In the uop cache, saving space makes sense; 6 uops per "line" isn't very big, and an extra uop for multiple instructions could easy require an extra "line" for the same 32-byte block, reducing cache density and thus hit rate. Unlike the ROB, it only needs to get fetched as part of a block, not indexed to have have a completion port mark it as "done" and ready to retire.
Intel did change things in Haswell to allow keeping more instructions micro-fused: instructions with 2 operands, with a read+write destination, can keep an indexed addressing mode micro-fused, like addps xmm0, [rdi + rdx*4]

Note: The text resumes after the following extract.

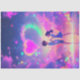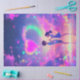 L'image présente une scène enchanteresse et animée d'un couple aimant debout dans une eau peu profonde, se tenant la main et se regardant. L'arrière - plan est un ciel coloré plein de nuages, d'étoiles et de lumières en forme de coeur. Un grand coeur brillant est représenté dans le ciel au-dessus des personnages, avec un sentier de lumière qui le relie à la scène ci-dessous. L'atmosphère est onirique et romantique, avec un mélange de violets, de roses, de bleus et de verts créant une ambiance magique. Cette image saisissante et émotionnellement évocatrice capture un moment tendre entre les deux personnages, ce qui le rend parfait pour les thèmes de l'amour et de la romance. scène animée enchanteresse, personnages tenant main, ciel coloré, lumières en forme de coeur, coeur brillant, atmosphère onirique, moment romantique, couleurs vibrantes, ambiance magique, thème d'amour et de romance, RHDesigns par 2chattychicks.

. But not vaddps xmm0, xmm0, [rdi+rdx*4]
, unfortunately. See Micro fusion and addressing modes
So apparently they realized or decided it was worth spending a few more bits on ROB entries to reduce un-lamination in a lot of code. A lot of the time CPUs are running scalar code, with instructions like add rdx, [rsi+rcx]
or mov [rdi + rcx*4], eax
(stores are store-address + store-data uops on Intel CPUs, each writing part of a store-buffer entry), not AVX. Also, the Haswell uop format had to change to accommodate single-uop FMA with 3 inputs; before that Intel uops could have at most 2 inputs. (It wasn't until Broadwell that they took advantage of this to make adc
and cmov
single-uop; perhaps they wanted disabling FMA via microcode to be an option in case a bug was discovered, so didn't want to hard-wire it into how some baseline x86 instructions were handled, which couldn't be disabled in a CPU that needs to run existing binaries.)
Or is it because that whether a given μop should be unlaminated is uncertain at decode stage, and needs to be dynamically determined according to the CPU usage status at runtime?

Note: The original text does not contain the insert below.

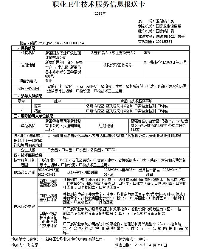 新疆华电苇湖梁新能源有限公司白杨沟风电一场职业病危害因素检测

Maybe something to that idea about; in pre-decode, instructions get steered to an appropriate decoder. Some opcodes always get steered to the complex decoder, limiting them to 1/clock throughput from legacy decode even if that instance of that opcode actually decoded to a single uop. (At least that's our best theory to explain Can the simple decoders in recent Intel microarchitectures handle all 1-µop instructions?)

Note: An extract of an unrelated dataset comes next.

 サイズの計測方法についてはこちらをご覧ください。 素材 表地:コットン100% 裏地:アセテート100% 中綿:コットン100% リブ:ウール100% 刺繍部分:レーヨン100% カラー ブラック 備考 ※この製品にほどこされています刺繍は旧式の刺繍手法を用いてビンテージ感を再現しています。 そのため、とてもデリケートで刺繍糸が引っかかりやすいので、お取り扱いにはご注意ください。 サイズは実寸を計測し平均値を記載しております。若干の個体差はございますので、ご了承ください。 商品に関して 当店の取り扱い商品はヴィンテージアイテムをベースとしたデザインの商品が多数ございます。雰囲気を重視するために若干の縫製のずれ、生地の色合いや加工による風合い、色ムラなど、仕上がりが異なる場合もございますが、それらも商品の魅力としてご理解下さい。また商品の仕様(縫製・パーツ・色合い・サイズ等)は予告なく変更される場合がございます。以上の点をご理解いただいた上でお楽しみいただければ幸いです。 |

If the pre-decoders had to steer to the complex decoder based on indexed addressing mode, they might do something unfortunate like sending any uop with a SIB to the complex decoder, including add eax, [rsp+16]
.
It probably also kept parts of the decoders more similar to Nehalem, always micro-fusing memory operands regardless of the addressing mode, if possible for that instruction.
Footnote 1: I don't remember where I read that fact about Intel simplifying the internal uop format in the back-end. It's not in https://www.realworldtech.com/sandy-bridge/ so maybe in https://agner.org/optimize/ (microarch guide)